● **Task instructions**
Copy, word for word, the opening line of the data and each line after it until the line that contains "- Guard unity.", which is included. Leave the pictures out.

● **Data for review**
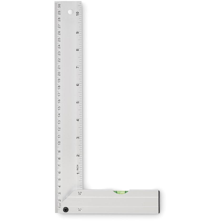 Alumiininen suorakulma vatupassilla. Merkintä voidaan tehdä joko painatuksella tai laserkaiverruksella.
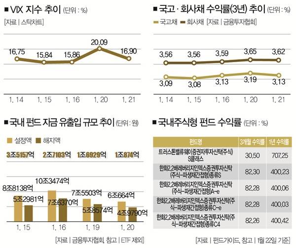 #채권 = 한국은행의 기준금리 동결 이후 채권 금리는 상승세(가격 하락)를 기록 중이다. 금융투자협회에 따르면 국고채(3년물) 금리는 20일 3.19%로 오르며 연중 최고치를 경신했다. 국고채 금리가 3.19%대를 넘어선 것은 2024년 7월 21일(3.21%) 이후 1년 6개월 만이다. 회사채(3년물) 금리도 이날 3.65%를 기록하며 연중 최고치를 경신했다. 한은의 금리 동결 기조에 시장금리가 꿈틀거리고 있다는 얘기다.
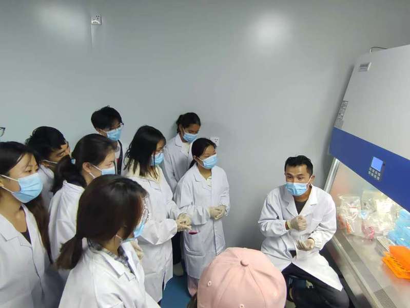图8 安外尔•热合曼博士向学生介绍神经细胞培养技术
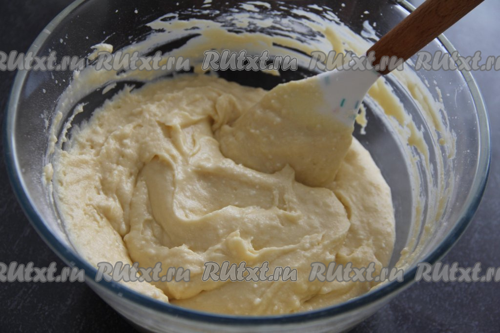 Творожное тесто для кекса должно получиться воздушным и в меру густым, как на фото.
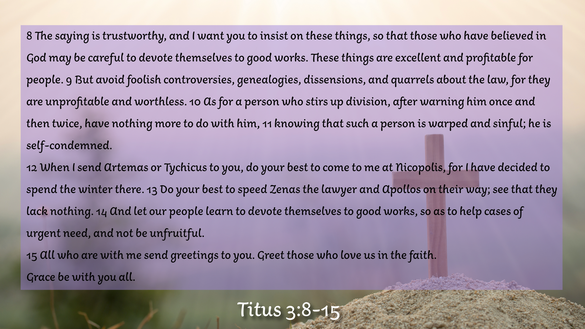 - Guard unity. Paul warns Titus to avoid divisive people–a striking reminder of God's desire for harmony in His church. Jesus prayed for unity in John 17, and Paul echoes that call here.
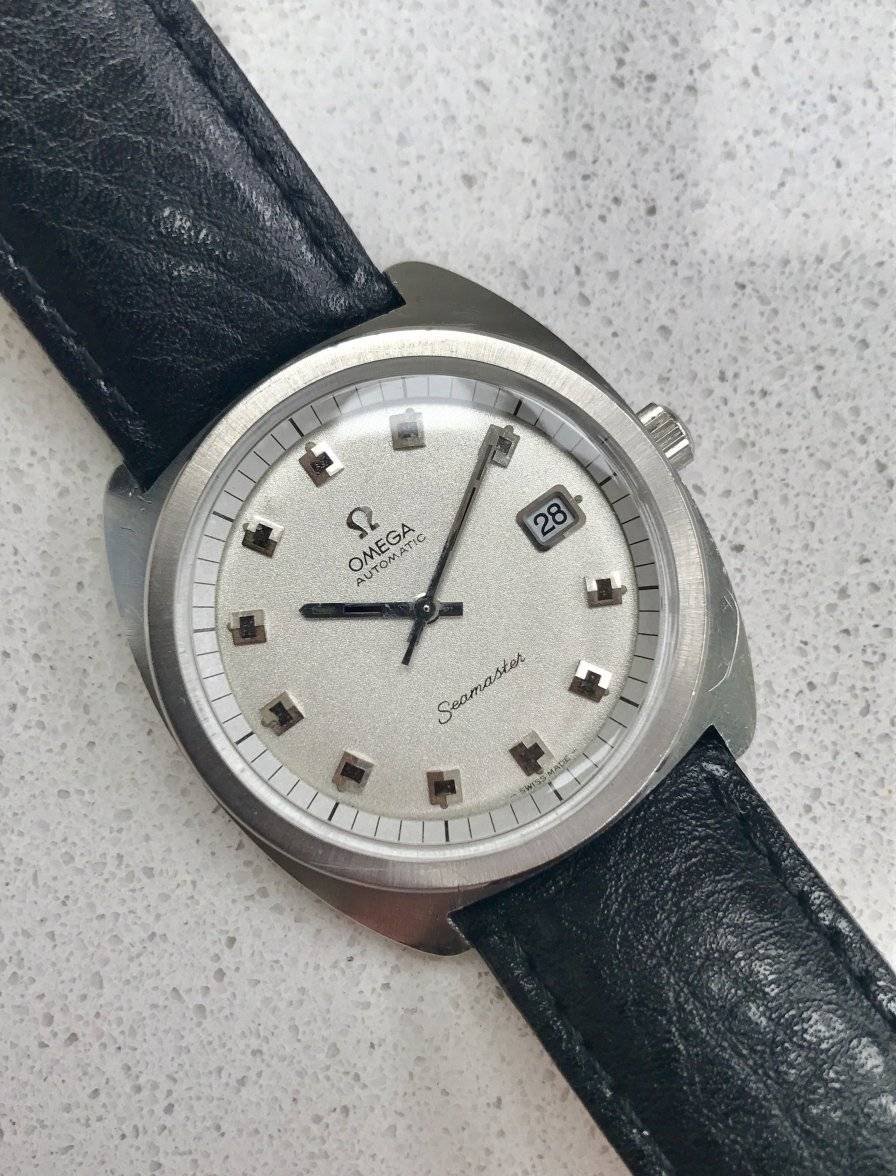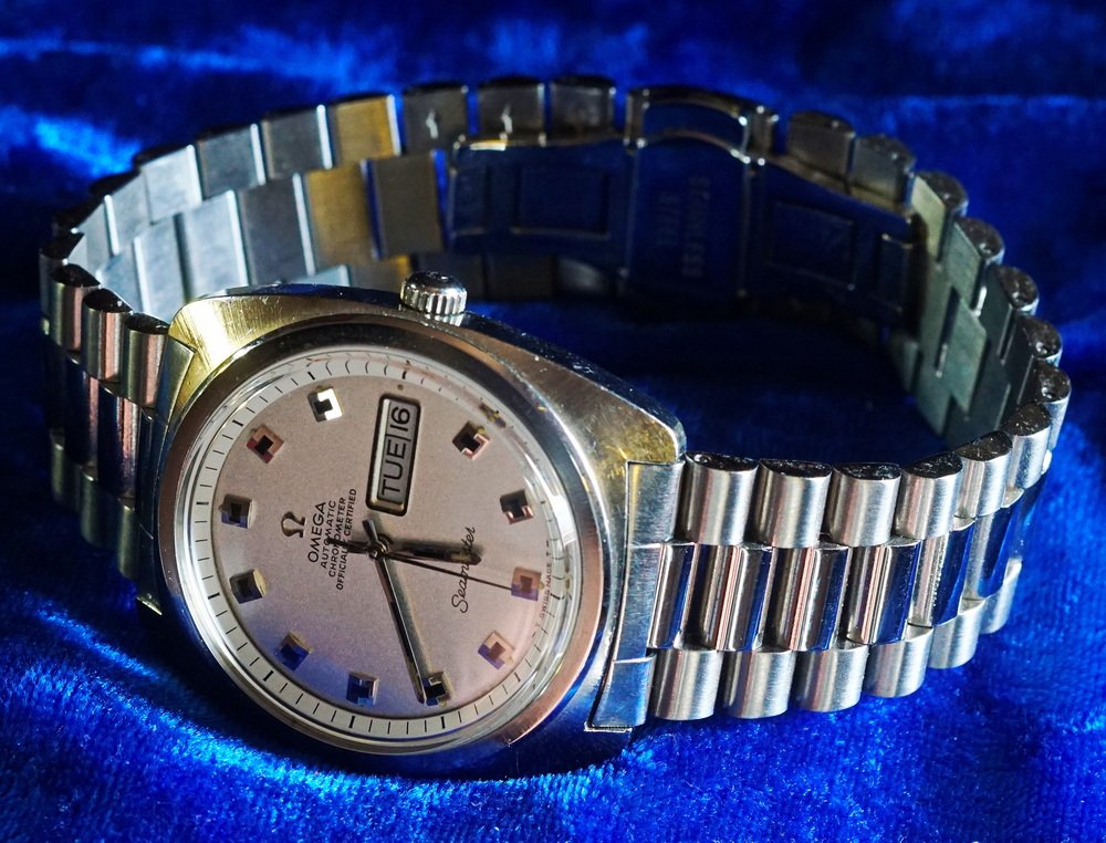 ·While spending a couple hours scouring the web for an excellent and affordable Omega ref. 168.022 with a “sparkle dial”, I come across this handsome watch, the reference 168.034, also a “sparkle”, with a chronometer movement. This model was totally off my radar, and this led to a bit more research. Finally, convinced that this was the real deal I pulled the trigger. A few minutes later I also ordered a bracelet I felt would complement it. I knew from the configuration that locating the correct Omega one was going to take a minute, and I wanted to wear it. It arrived a couple of days later from Japan looking better than the photos.

● **Completed task**
 Alumiininen suorakulma vatupassilla. Merkintä voidaan tehdä joko painatuksella tai laserkaiverruksella.
 #채권 = 한국은행의 기준금리 동결 이후 채권 금리는 상승세(가격 하락)를 기록 중이다. 금융투자협회에 따르면 국고채(3년물) 금리는 20일 3.19%로 오르며 연중 최고치를 경신했다. 국고채 금리가 3.19%대를 넘어선 것은 2024년 7월 21일(3.21%) 이후 1년 6개월 만이다. 회사채(3년물) 금리도 이날 3.65%를 기록하며 연중 최고치를 경신했다. 한은의 금리 동결 기조에 시장금리가 꿈틀거리고 있다는 얘기다.
图8 安外尔•热合曼博士向学生介绍神经细胞培养技术
 Творожное тесто для кекса должно получиться воздушным и в меру густым, как на фото.
 - Guard unity. Paul warns Titus to avoid divisive people–a striking reminder of God's desire for harmony in His church. Jesus prayed for unity in John 17, and Paul echoes that call here.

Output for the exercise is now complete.